▶ _What is expected_
The task for the listing below is to write out exactly the lines starting at the one containing "the east | |" and ending at the one containing "Детские объемные двухслойные", both included. Pictures are to be omitted.

The data START

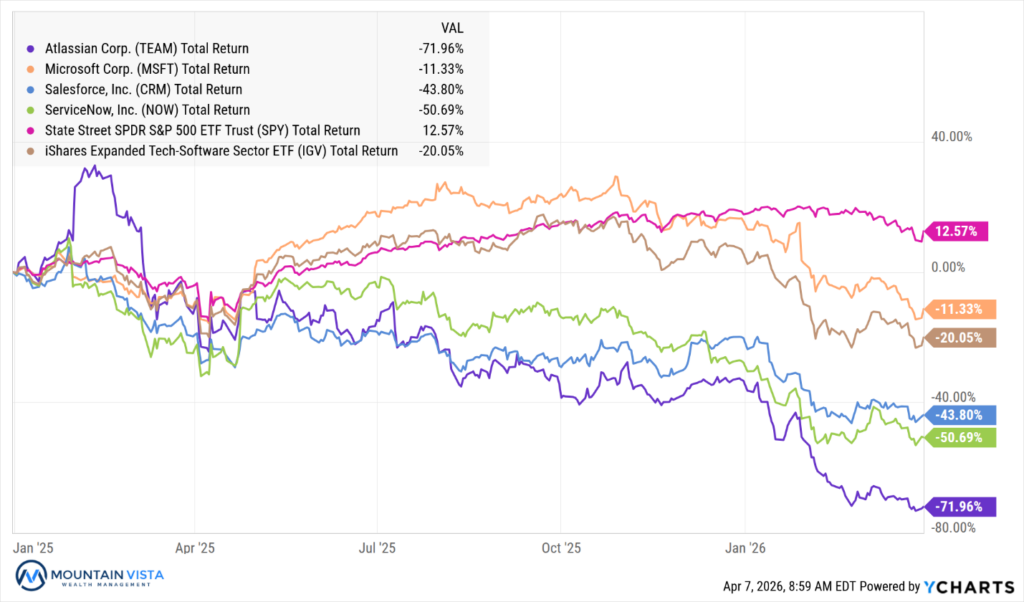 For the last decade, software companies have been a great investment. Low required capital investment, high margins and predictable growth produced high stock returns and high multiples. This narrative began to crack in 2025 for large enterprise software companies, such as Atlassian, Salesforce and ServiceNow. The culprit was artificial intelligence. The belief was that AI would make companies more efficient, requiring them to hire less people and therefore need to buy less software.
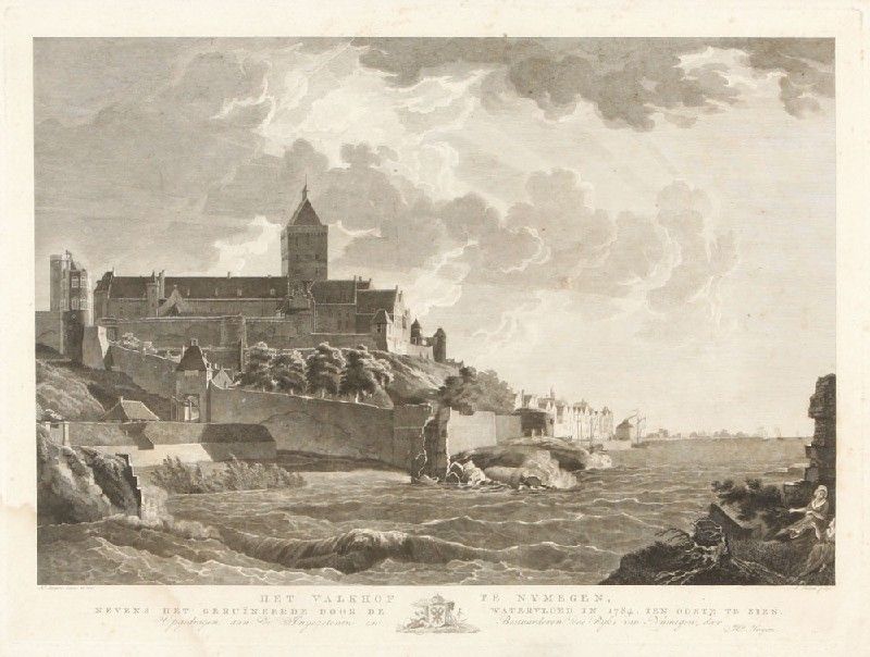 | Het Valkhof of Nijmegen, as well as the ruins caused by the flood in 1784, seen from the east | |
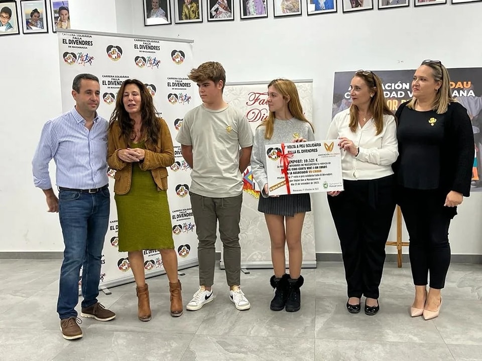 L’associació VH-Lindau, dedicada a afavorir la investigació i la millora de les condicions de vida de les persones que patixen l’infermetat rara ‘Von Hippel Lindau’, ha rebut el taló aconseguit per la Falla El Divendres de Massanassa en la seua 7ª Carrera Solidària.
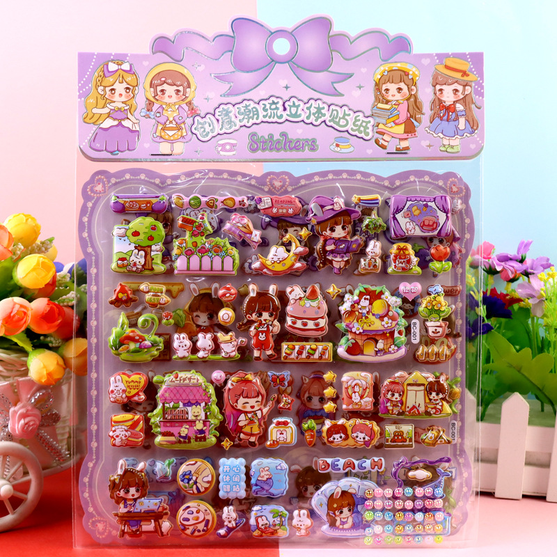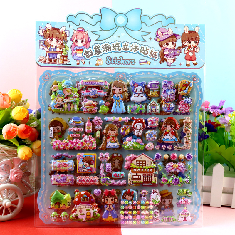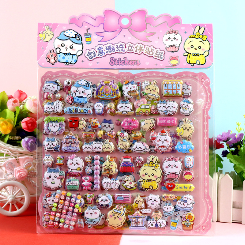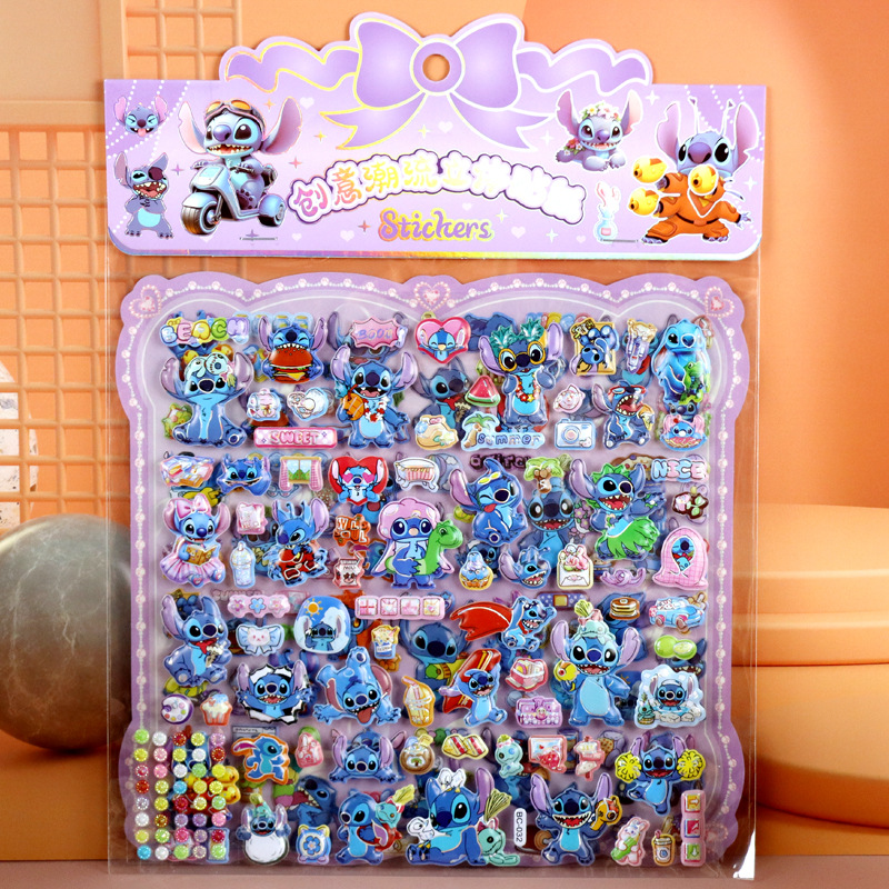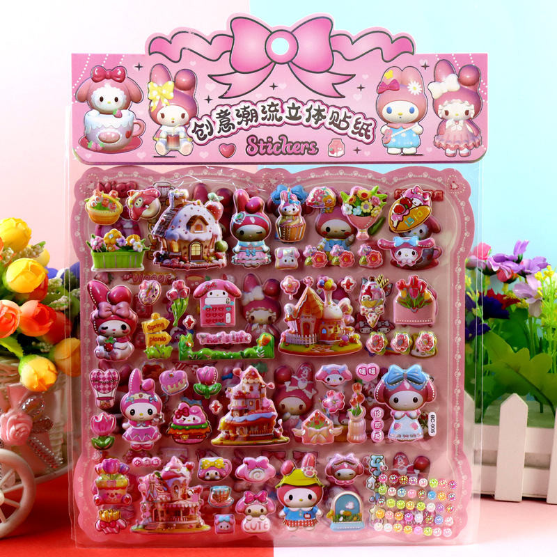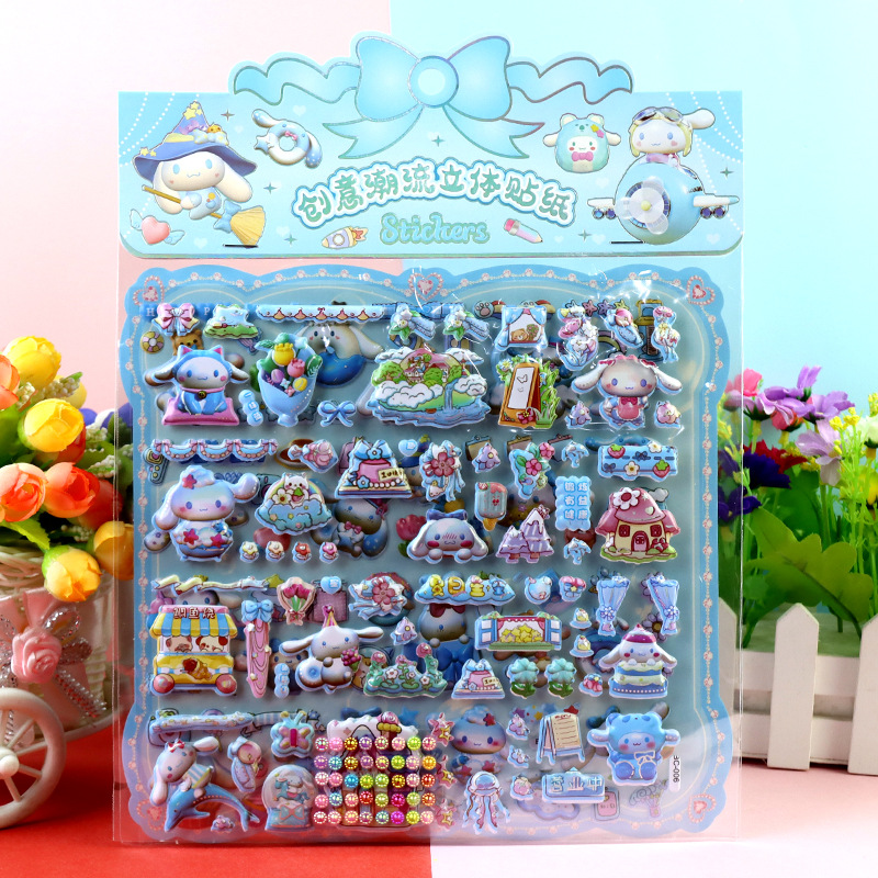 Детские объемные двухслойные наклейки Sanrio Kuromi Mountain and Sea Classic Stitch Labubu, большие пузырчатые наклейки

The data END
The data START

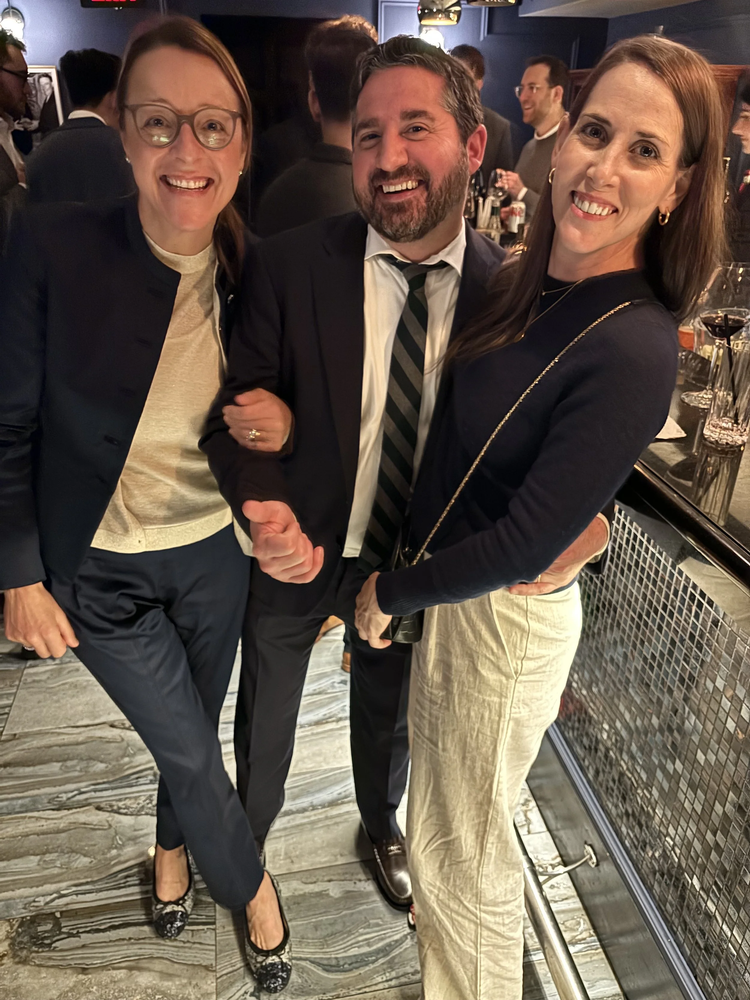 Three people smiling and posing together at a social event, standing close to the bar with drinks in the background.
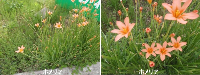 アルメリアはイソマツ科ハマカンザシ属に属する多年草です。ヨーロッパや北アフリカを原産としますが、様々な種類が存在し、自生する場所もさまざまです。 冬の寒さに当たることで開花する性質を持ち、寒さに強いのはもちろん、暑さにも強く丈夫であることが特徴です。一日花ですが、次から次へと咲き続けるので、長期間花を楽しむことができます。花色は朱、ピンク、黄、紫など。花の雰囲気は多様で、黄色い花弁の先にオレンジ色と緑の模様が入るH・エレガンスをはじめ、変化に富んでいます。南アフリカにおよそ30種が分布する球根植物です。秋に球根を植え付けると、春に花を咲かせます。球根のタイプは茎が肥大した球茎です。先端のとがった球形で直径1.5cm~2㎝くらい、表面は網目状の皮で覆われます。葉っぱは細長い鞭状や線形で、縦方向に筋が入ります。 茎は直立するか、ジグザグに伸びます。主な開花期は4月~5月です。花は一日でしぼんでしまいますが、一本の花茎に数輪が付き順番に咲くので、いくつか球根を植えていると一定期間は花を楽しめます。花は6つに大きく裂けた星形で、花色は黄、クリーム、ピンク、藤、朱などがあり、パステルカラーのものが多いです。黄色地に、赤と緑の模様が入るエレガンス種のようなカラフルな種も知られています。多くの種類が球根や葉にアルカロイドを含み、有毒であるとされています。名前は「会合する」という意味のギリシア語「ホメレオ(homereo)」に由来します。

The data END
The data START

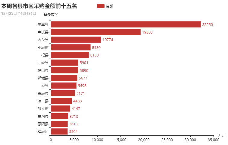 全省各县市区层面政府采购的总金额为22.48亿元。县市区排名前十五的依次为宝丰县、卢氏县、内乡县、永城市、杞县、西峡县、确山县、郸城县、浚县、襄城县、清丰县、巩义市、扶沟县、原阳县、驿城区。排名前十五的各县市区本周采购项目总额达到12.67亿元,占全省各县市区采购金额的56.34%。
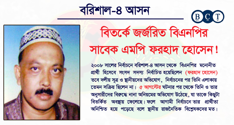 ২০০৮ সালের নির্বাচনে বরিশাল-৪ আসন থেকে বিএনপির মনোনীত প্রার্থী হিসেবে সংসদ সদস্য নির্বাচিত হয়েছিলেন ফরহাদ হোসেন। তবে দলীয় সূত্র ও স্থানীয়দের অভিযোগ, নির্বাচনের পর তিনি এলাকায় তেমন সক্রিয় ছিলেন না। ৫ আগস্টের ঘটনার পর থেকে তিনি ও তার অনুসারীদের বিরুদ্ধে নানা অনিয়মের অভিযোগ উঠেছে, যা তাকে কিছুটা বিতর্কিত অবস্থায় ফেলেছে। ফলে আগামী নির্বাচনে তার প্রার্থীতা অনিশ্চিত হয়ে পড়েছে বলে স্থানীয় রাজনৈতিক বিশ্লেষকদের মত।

The data END

▶ _Reply_
 | Het Valkhof of Nijmegen, as well as the ruins caused by the flood in 1784, seen from the east | |
 L’associació VH-Lindau, dedicada a afavorir la investigació i la millora de les condicions de vida de les persones que patixen l’infermetat rara ‘Von Hippel Lindau’, ha rebut el taló aconseguit per la Falla El Divendres de Massanassa en la seua 7ª Carrera Solidària.
 Детские объемные двухслойные наклейки Sanrio Kuromi Mountain and Sea Classic Stitch Labubu, большие пузырчатые наклейки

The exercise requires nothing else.